Book Review: Web Operations
I had to fly to Brisbane last week and decided to use the flights to read Web Operations, by John Allspaw and Jesse Robins.
This is one more of the “Theory in Practice” books from O’Reilly. Like most books from this series I had access to, this one is a collection of articles by different authors. I don’t love this format; it feels like a compilation of quasi-related long blog posts. More like an anthology then a cohesive piece.
The book has 17 articles on various topics related to keeping a heavy-traffic website up. If you are used to reading High Scalability and related sites there is nothing really new or mind-blowing here. People that are new to operations and support activities will probably find interesting content, though.

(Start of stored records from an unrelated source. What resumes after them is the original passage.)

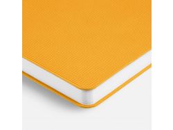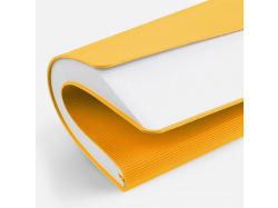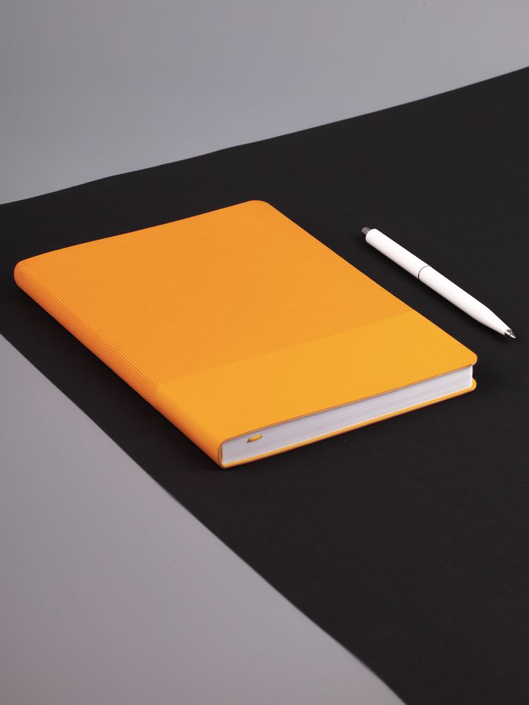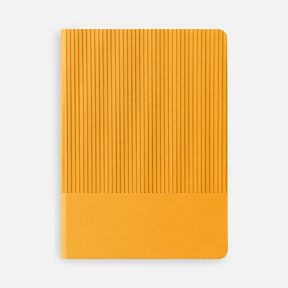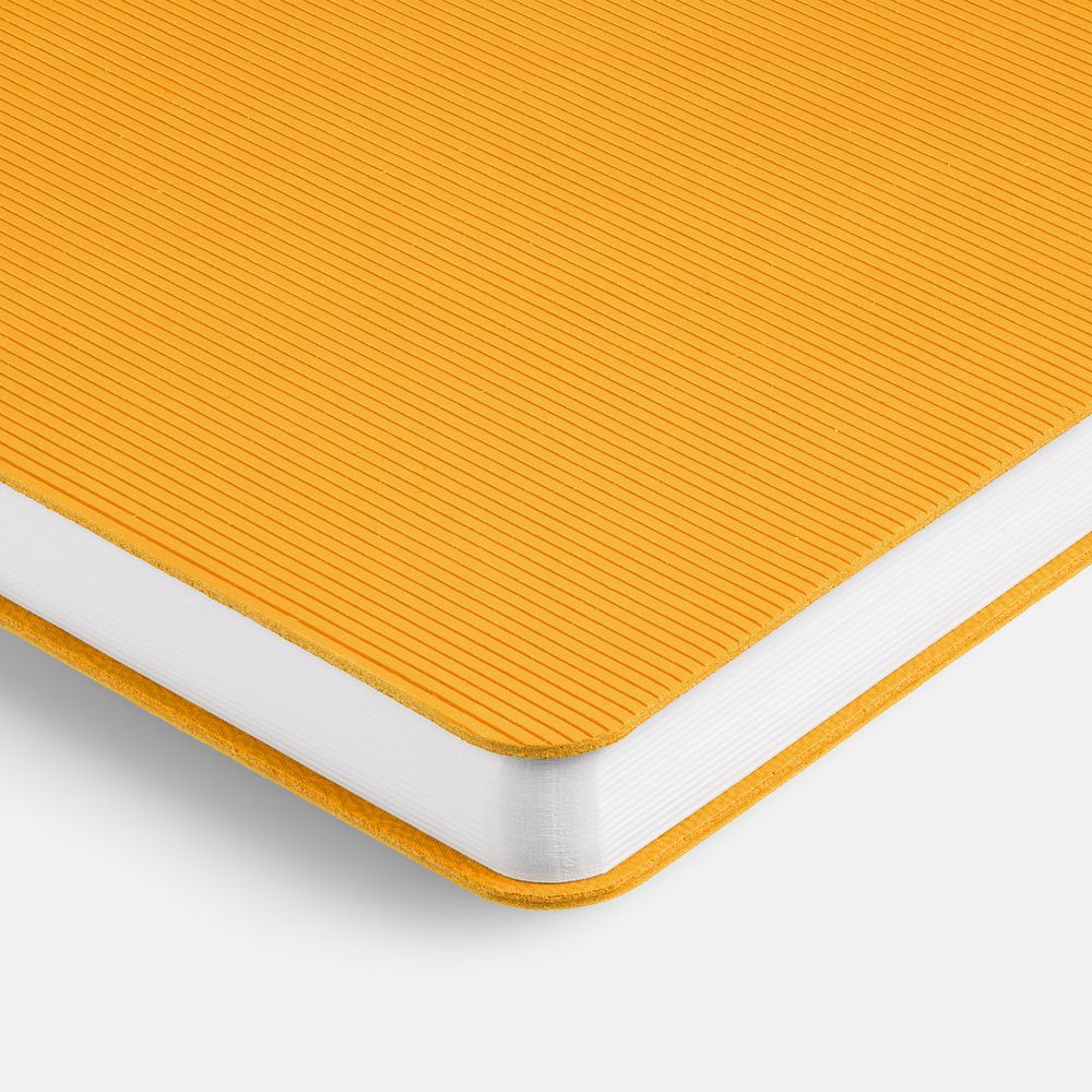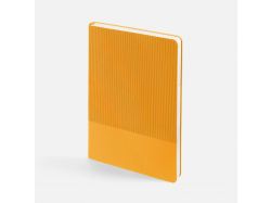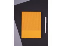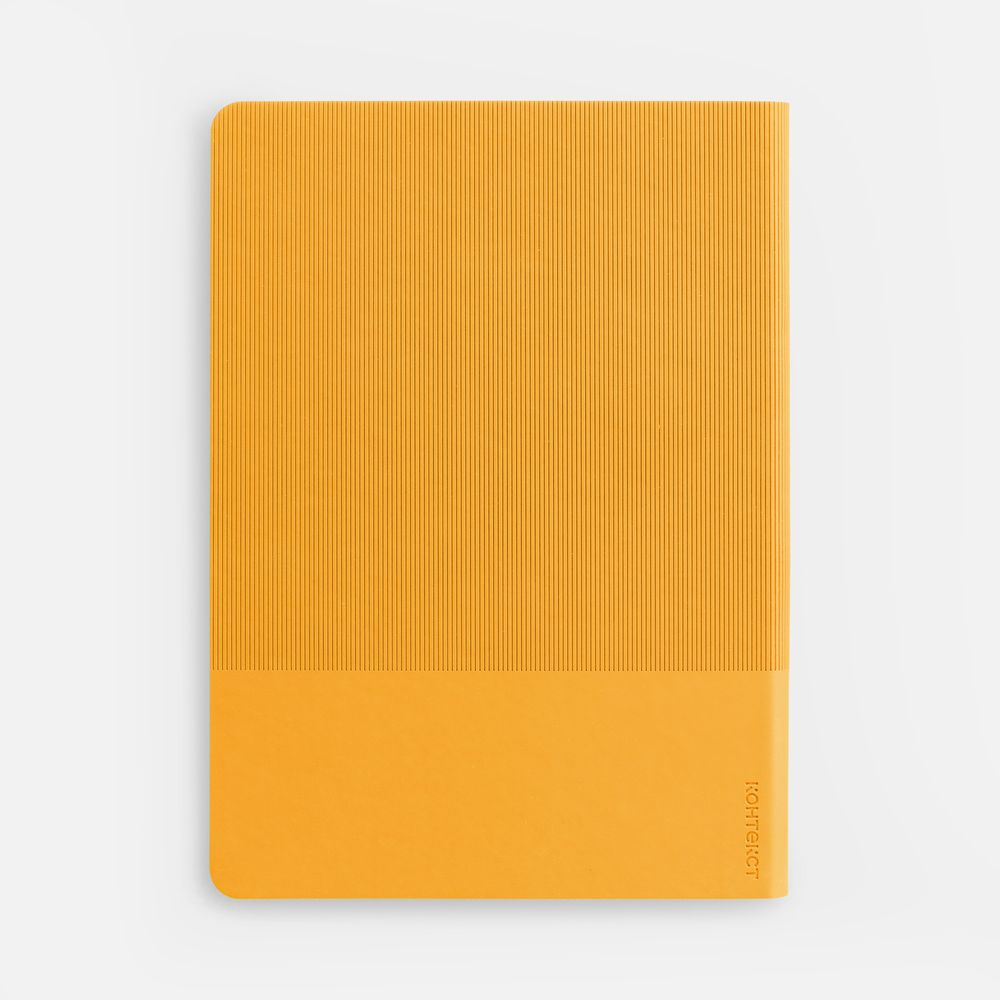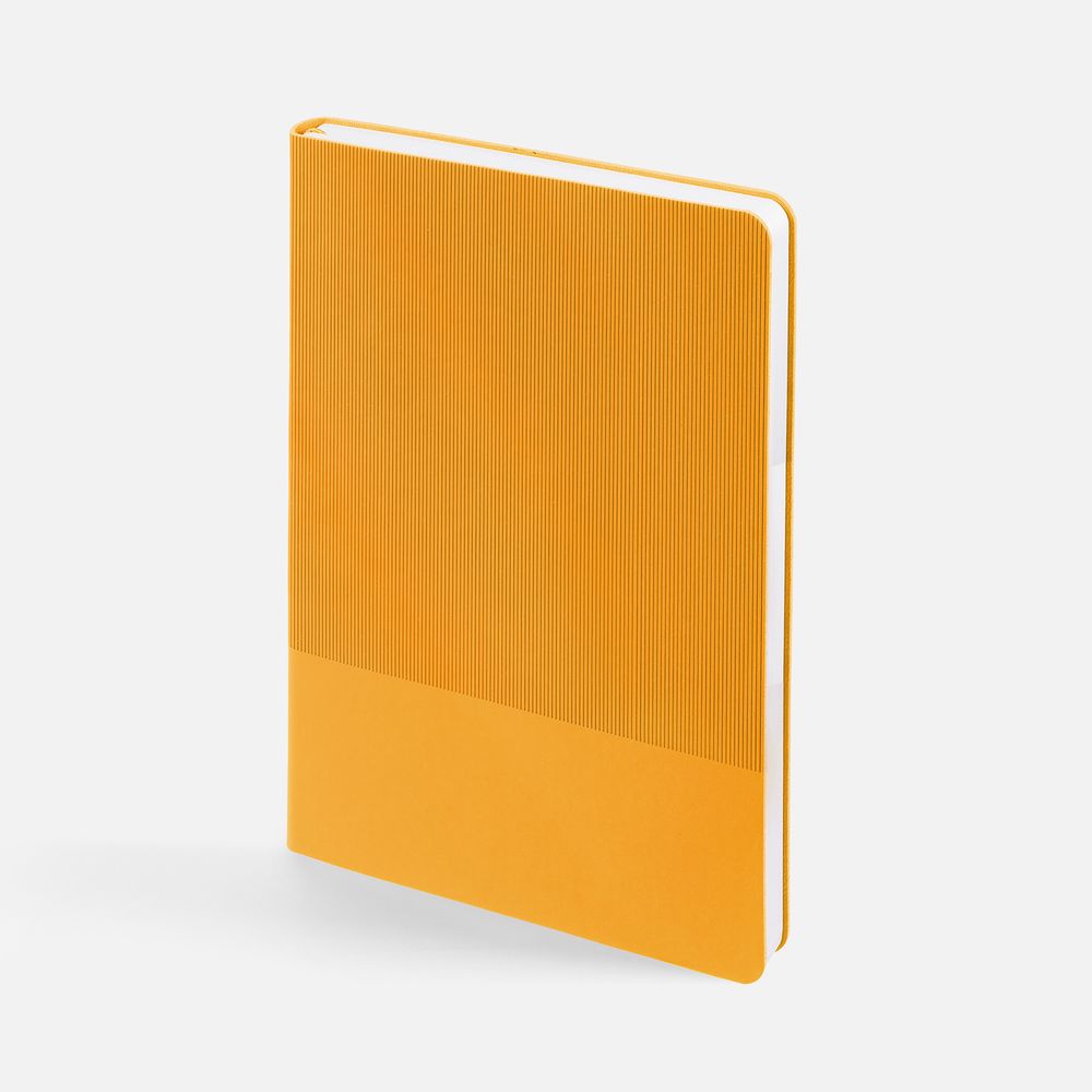 Фактурное тиснение на обложке освежает вид классического ежедневника, а также дополнительно выделяет пространство внизу, словно специально оставленное для нанесения логотипа.Ежедневник с гибкой обложкой выполнен из материала Soft Touch, желтый KK и Latte, желтый (внутренний материал); дополнен ляссе желтого цвета и фактурным тиснением обложки.Блок 985, без информационного блока:Кол-во страниц — 256;Бумага — белая, плотность 70 г/м²;Форзац и нахзац — белые.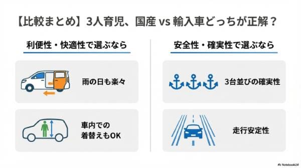 - 【比較まとめ】国産vs輸入車、3人育児にはどっちが正解?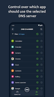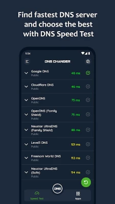 Optimalizujte svoje internetové pripojenie s DNS Changer - IPv4 & IPv6. Jednoducho zmeňte DNS server, nájdite najrýchlejší testom rýchlosti a užívajte si bezpečnejšie, rýchlejšie a súkromnejšie prehliadanie. Funguje na Wi-Fi aj mobilných dátach bez root. Získajte prístup k blokovaným webom a zlepšite online hranie vďaka nižšej latencii.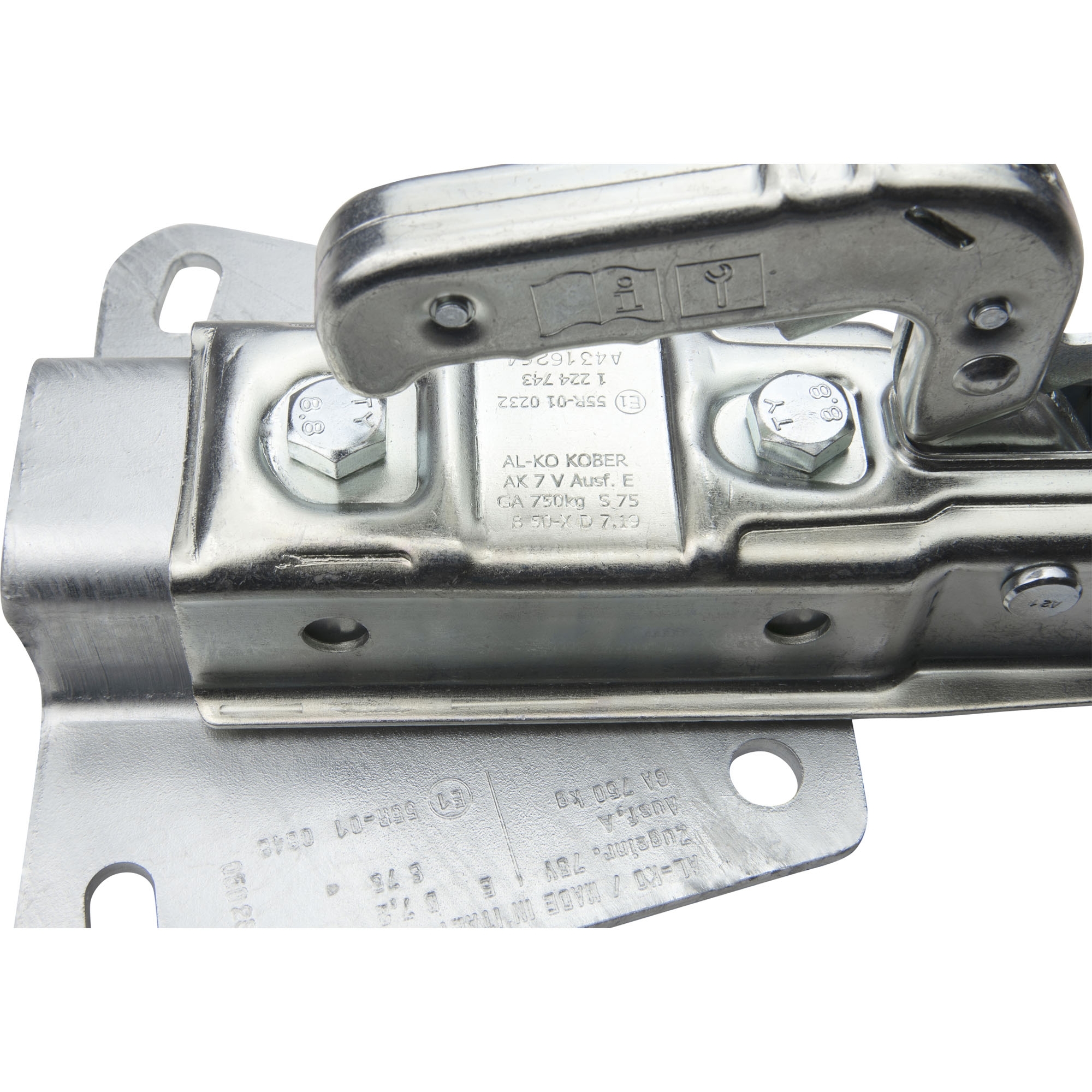 Accouplement à boule AL-KO AK 7 Plus - 75 V version A Timon V Charge d‘essieu 750 kg Charge d‘appui 75 kg Trou Ø 12,0 mm Distance entre les trous 100 / 130 / 160 mm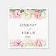 This wedding paper napkin is shown with a lovely pink and white hydrangea floral watercolor print.
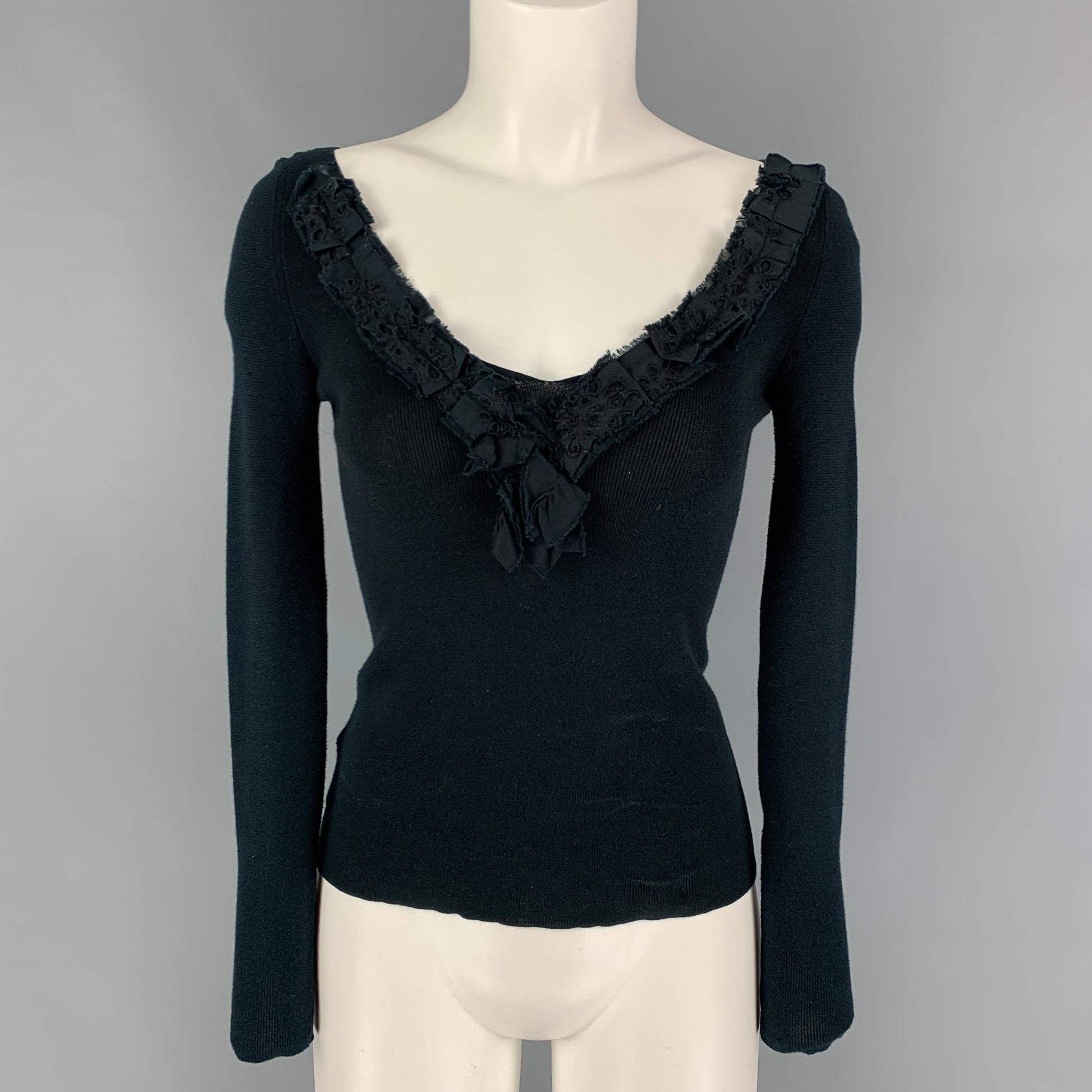 PRADA Size 4 Black Eylet Ribbon Pullover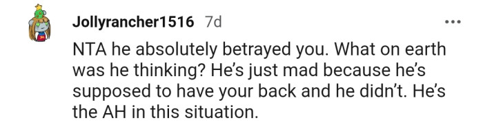 "NTA..He absolutely betrayed you. What on earth was he thinking?"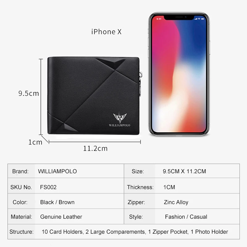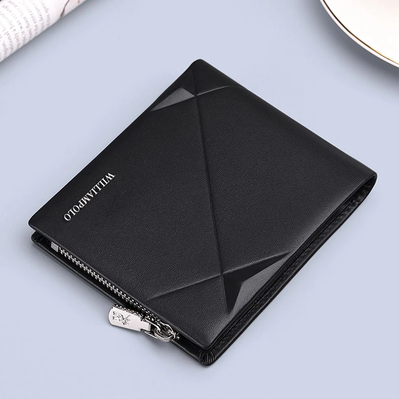 Мужской тонкий кошелек из натуральной кожи WILLIAMPOLO, мини-кошелек, повседневный дизайн, двойной кошелек, брендовый короткий тонкий кошелек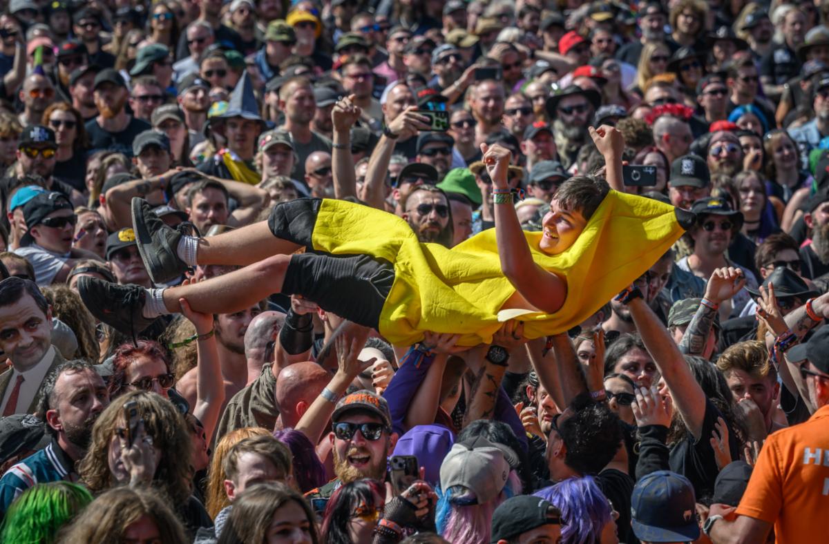 It’s Friday, the gates are open and the sun is shining. Not packing a raincoat feels absolutely reckless for this festival, but the weather app assures me that everything will be ok so sun-cream it is. As seasoned Download goers, we head straight for a merch tent because everyone knows they can and absolutely will sell out of stuff. As per usual nothing has changed and there are simply too few staff to appropriately manage the volume of people queuing, and we wait a solid hour and a half to get our stuff. I think I’ve said this in every review but really, just drop more staff on for the first day, I beg.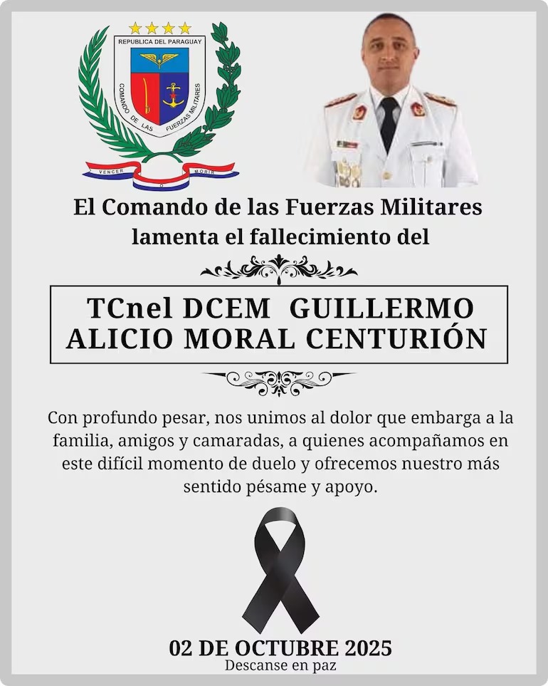 De acuerdo a los datos, un violento ataque a plena luz del día acabó este jueves con la vida del Tte. Cnel. Guillermo Alicio Moral Centurión, de 44 años, estudiante del décimo semestre de la Facultad de Derecho de la Universidad Nacional de Asunción (UNA). Los datos policiales señalan que Moral Centurión fue interceptado alrededor de las 16:20, cuando abordaba su camioneta en la zona de la Facultad de Derecho. Dos hombres a bordo de una motocicleta lo sorprendieron y efectuaron al menos tres disparos antes de darse a la fuga hacia la avenida Santísima Trinidad. Bomberos voluntarios intentaron asistirlo, pero finalmente confirmaron su deceso en el lugar.

Not all articles are good. Some get lost in irrelevant details about current technology and some are way too abstract to be useful. If you don’t have much time to read the full text, these are the articles I’ve found particularly valuable:
- Infrastructure and Application Metrics
- Continuous Deployment
- Monitoring
- How Complex Systems Fail
- Things That Go Bump in the Night (and How to Sleep Through Them)
This is the kind of book I wish was available in 2002, when I was asked to architect the infrastructure for an insurance company that was going online. It was a big shock for me to move from the works on my machine mentality to understanding what a production environment should be like.
I think it can be interesting as the second book for someone new to operations, following the excellent Release It by Michael Nygard.